In United States v. Grinnell Corp., 384 U.S. 563, 570-71 (), a 6-3 U.S. Supreme Court upheld a judgment based on Section 2 of the Sherman Act against manufacturers of fire sprinkling systems.
Writing for the Court, Justice William Douglas explained:
“ | The offense of monopoly under § 2 of the Sherman Act has two elements: (1) the possession of monopoly power in the relevant market and (2) the willful acquisition or maintenance of that power as distinguished from growth or development as a consequence of a superior product, business acumen, or historic accident. We shall see that this second ingredient presents no major problem here, as what was done in building the empire was done plainly and explicitly for a single purpose.

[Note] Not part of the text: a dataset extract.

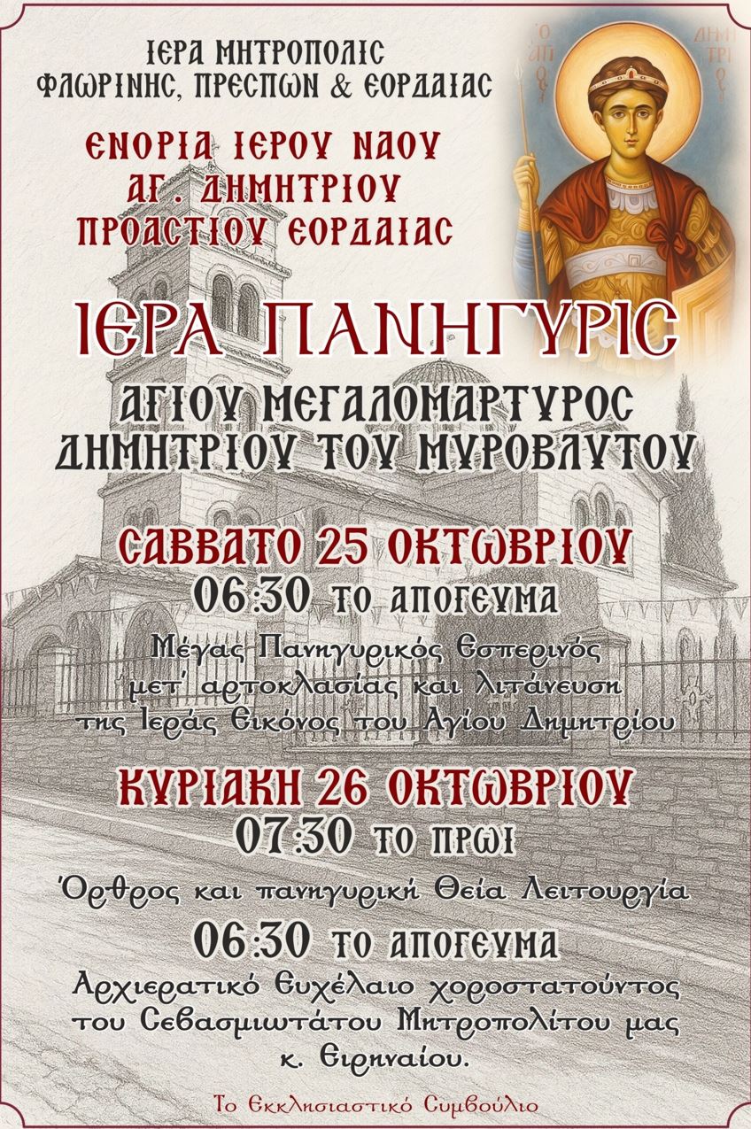 Η Ιερά Μητρόπολη Φλωρίνης, Πρεσπών και Εορδαίας και η Ενορία του Ιερού Ναού Αγίου Δημητρίου Προαστίου Εορδαίας ανακοινώνουν την τέλεση της Ιεράς Πανηγύρεως προς τιμήν του Αγίου Μεγαλομάρτυρος Δημητρίου του Μυροβλύτου.

In United States v. du Pont & Co., 351 U.S. 377, 391, we defined monopoly power as "the power to control prices or exclude competition." The existence of such power ordinarily may be inferred from the predominant share of the market. In American Tobacco Co. v. United States, 328 U.S. 781, 797, we said that "over two-thirds of the entire domestic field of cigarettes, and ... over 80% of the field of comparable cigarettes" constituted "a substantial monopoly." In United States v. Aluminum Co. of America, 148 F.2d 416, 429, 90% of the market constituted monopoly power. In the present case, 87% of the accredited central station service business leaves no doubt that the congeries of these defendants have monopoly power -- power which, as our discussion of the record indicates, they did not hesitate to wield -- if that business is the relevant market. | ” |
United States v. Grinnell Corp., 384 U.S. 563, 570-71, 86 S. Ct. 1698, 1704 (1966).